The core call structure is the same as TensorFlow. For PyTorch, pass test data as a list of tuples:
optimized_model, opt_spec, report = blade.optimize(model, 'o1', device_type='gpu', test_data=[dummy], ...)The complete example:
import torch
import blade
# Load the TorchScript model.
pt_file = 'orig_decoder_v2.pt'
batch = 8
model = torch.jit.load(pt_file)
# Prepare test data.
def get_test_data(batch_size=1):
decoder_input_t = torch.LongTensor([1] * batch_size).cuda()
decoder_hidden_t = torch.rand(batch_size, 1, 256).cuda()
decoder_hidden_t = decoder_hidden_t * 1.0
decoder_hidden_t = torch.tanh(decoder_hidden_t)
output_highfeature_t = torch.rand(batch_size, 448, 4, 50).cuda()
attention_sum_t = torch.rand(batch_size, 1, 4, 50).cuda()
decoder_attention_t = torch.rand(batch_size, 1, 4, 50).cuda()
et_mask = torch.rand(batch_size, 4, 50).cuda()
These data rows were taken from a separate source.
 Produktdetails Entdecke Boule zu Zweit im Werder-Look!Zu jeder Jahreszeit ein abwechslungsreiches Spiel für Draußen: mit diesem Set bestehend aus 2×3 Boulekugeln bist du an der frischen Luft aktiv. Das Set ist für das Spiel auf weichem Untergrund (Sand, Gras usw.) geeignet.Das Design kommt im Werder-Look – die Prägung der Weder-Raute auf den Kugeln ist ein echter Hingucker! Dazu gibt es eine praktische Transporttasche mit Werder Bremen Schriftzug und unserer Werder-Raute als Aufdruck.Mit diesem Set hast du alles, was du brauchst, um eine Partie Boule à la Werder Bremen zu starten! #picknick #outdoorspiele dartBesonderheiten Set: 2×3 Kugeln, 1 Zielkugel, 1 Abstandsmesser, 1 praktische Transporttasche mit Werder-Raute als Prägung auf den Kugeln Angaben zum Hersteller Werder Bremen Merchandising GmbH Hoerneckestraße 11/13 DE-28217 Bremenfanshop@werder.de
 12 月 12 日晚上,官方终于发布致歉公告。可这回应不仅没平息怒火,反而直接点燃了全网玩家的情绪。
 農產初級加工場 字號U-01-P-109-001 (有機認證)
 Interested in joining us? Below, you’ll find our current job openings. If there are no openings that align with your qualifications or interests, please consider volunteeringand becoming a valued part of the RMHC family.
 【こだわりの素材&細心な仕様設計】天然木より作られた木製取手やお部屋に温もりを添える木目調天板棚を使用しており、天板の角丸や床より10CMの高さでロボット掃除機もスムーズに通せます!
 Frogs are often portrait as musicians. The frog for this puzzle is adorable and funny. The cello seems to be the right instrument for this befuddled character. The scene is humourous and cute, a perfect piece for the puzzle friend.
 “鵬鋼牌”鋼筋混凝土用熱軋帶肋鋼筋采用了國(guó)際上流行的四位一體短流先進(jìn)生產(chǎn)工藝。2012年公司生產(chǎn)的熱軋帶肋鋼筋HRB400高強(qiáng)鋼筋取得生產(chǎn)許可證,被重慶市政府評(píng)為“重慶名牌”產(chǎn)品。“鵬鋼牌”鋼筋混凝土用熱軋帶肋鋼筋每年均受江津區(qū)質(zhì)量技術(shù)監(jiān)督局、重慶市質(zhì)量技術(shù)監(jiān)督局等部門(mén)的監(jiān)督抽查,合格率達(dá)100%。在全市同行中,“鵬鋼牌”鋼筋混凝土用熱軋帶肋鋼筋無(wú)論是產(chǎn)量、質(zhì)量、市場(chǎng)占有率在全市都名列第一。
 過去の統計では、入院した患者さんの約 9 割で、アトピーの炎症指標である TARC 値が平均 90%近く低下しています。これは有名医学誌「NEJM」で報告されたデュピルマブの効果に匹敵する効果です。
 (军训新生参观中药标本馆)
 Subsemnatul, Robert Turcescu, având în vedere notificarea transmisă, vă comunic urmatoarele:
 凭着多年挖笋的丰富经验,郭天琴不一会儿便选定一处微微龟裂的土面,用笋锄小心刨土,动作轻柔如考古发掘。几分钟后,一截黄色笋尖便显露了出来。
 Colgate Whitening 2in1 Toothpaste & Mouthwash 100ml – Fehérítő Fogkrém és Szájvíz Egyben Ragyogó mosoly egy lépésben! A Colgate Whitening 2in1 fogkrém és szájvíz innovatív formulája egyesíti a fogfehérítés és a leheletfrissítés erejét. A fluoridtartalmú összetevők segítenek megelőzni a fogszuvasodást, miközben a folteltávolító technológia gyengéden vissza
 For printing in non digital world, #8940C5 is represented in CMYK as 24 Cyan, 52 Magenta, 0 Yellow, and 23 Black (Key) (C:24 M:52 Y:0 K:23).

return (decoder_input_t, decoder_hidden_t, output_highfeature_t,
attention_sum_t, decoder_attention_t, et_mask)
dummy = get_test_data(batch)
# Optimize the model.
optimized_model, opt_spec, report = blade.optimize(
model, # The original TorchScript model.
'o1', # Optimization level: o1 or o2.
device_type='gpu', # Target device for the optimized model.
test_data=[dummy], # For PyTorch, input data is a list of tuples.
config=blade.Config()
)
print('spec: {}'.format(opt_spec))
print('report: {}'.format(report))
# Save the optimized model.
torch.jit.save(optimized_model, 'optimized_decoder.pt')Step 3: Review the optimization report.
The following report shows a 2.45x speedup on an NVIDIA Tesla T4 GPU:
{
"optimizations": [
{
"name": "PyTorchMlir",
"status": "effective",
"speedup": "2.45",
"pre_run": "1.99 ms",
"post_run": "0.81 ms"
}
]
}For details on report fields, see Optimization report.